The fact that AJ+, the social media wing of Al Jazeera, is vehemently anti-Israel, is not really surprising. But even by their standards, AJ+ managed to stoop to a new low this week, by using the murders of four Israelis in a terrorist attack, to demonize the Jewish state even further.

On Sunday, a Palestinian man killed four soldiers and injured seventeen more, in a truck ramming attack reminiscent of those that have taken place in Nice and Berlin. The soldiers, all in their twenties, all leave behind mourning families, grappling with the loss of their children in the prime of their lives. Illustrating the volume of Israeli lives lost to terror, Shira, one of the soldiers killed, was the three-hundredth graduate of her school to have been killed in the conflict.

Yael Yekutiel, Shira Tzur, Shir Hajaj and Erez Orbach – the four Israelis killed in Sunday’s attack.
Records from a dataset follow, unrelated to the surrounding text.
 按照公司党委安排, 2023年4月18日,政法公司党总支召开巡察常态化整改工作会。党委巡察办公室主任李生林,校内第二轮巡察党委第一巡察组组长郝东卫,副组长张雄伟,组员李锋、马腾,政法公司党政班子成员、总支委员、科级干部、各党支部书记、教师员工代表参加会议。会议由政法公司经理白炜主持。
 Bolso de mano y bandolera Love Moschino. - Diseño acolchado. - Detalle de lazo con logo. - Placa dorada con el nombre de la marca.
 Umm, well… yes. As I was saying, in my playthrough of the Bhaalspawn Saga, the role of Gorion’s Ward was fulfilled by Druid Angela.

But when cities around Europe joined in marking Israel’s suffering, AJ+ responded in anger, upset at the fact that Israel was being shown sympathy. Paris, Berlin and Rotterdam all flew the Israeli flag on public buildings, to show unity with the people of Israel, in a moral gesture of sympathy, but AJ+ described it as a “controversial tribute to Israel.” This is the title of a video that they produced, which turned Israeli suffering into an opportunity to blacken Israel’s image, through a series of lies and distortions.

The Israeli flag illuminated on Berlin’s Brandenburg Gate.
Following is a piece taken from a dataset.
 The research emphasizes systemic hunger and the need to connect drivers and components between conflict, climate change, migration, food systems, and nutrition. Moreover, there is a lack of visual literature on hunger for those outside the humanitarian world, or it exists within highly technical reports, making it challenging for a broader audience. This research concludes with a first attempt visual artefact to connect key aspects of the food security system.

AJ+ ask in their post, “Where was the Palestinian flag when Israel attacked the West Bank and Gaza?” This is a total distortion – Israel has gone to war three times in Gaza in the past few years, every time acting in self defense, to stop the rockets fired by the Hamas terrorist group at Israeli civilians.

But for Israel’s haters, every act of Israeli defense is one of aggression, and defending the country from thousands of rockets is an attack on Gaza. This theme is also true about a tweet shown in the video, which says that if the Brandenburg Gate lit up every time Israel killed a Palestinian, it would be permanent. This is deceiving – Israel does not indiscriminately kill Palestinians. Rather, the IDF acts in self defense, and indeed has killed many Palestinians who were in the midst of engaging in terrorist attacks. And to say that Israel is “permanently” killing Palestinians is totally unfounded – one that no serious media agency should be repeating.

There is no other country in the world about whom such ridiculous exaggerations are tolerated – no one would ever say that the Americans, the British or the French are constantly killing people in the wars they fight, but somehow Al Jazeera considers such absurd exaggerations legitimate when they are made about Israel.

A screenshot of the video shows distortions, exaggerations and hatred, all in one tweet

There is also reference made to children killed in Gaza in 2014. AJ+ employs the worn out and inaccurate accusation that Israel indiscriminately kills Palestinians, when nothing could be further from the truth. Israel fought a defensive war in 2014 to stop hundreds of Hamas rockets, and took incredible efforts to limit human casualties.

By contrast, Hamas uses its children as human shields, deliberately using civilian areas as the strongholds for its fighters. It is also worth noting that whereas Israel does not want or encourage the death of Palestinian civilians, the Fatah and Hamas leadership does reward and support the killing of Israeli civilians. Hamas praises terrorist attacks, and Fatah gives stipends to people who kill Israeli citizens. Even in the case of this recent terrorist attack, Hamas called a rally to celebrate, and the murderer’s sister praised the attack. But AJ+ is interested in twisting Israel`s self defense to make them look wicked, whilst ignoring the incitement and hatred which underlies Palestinian terrorism.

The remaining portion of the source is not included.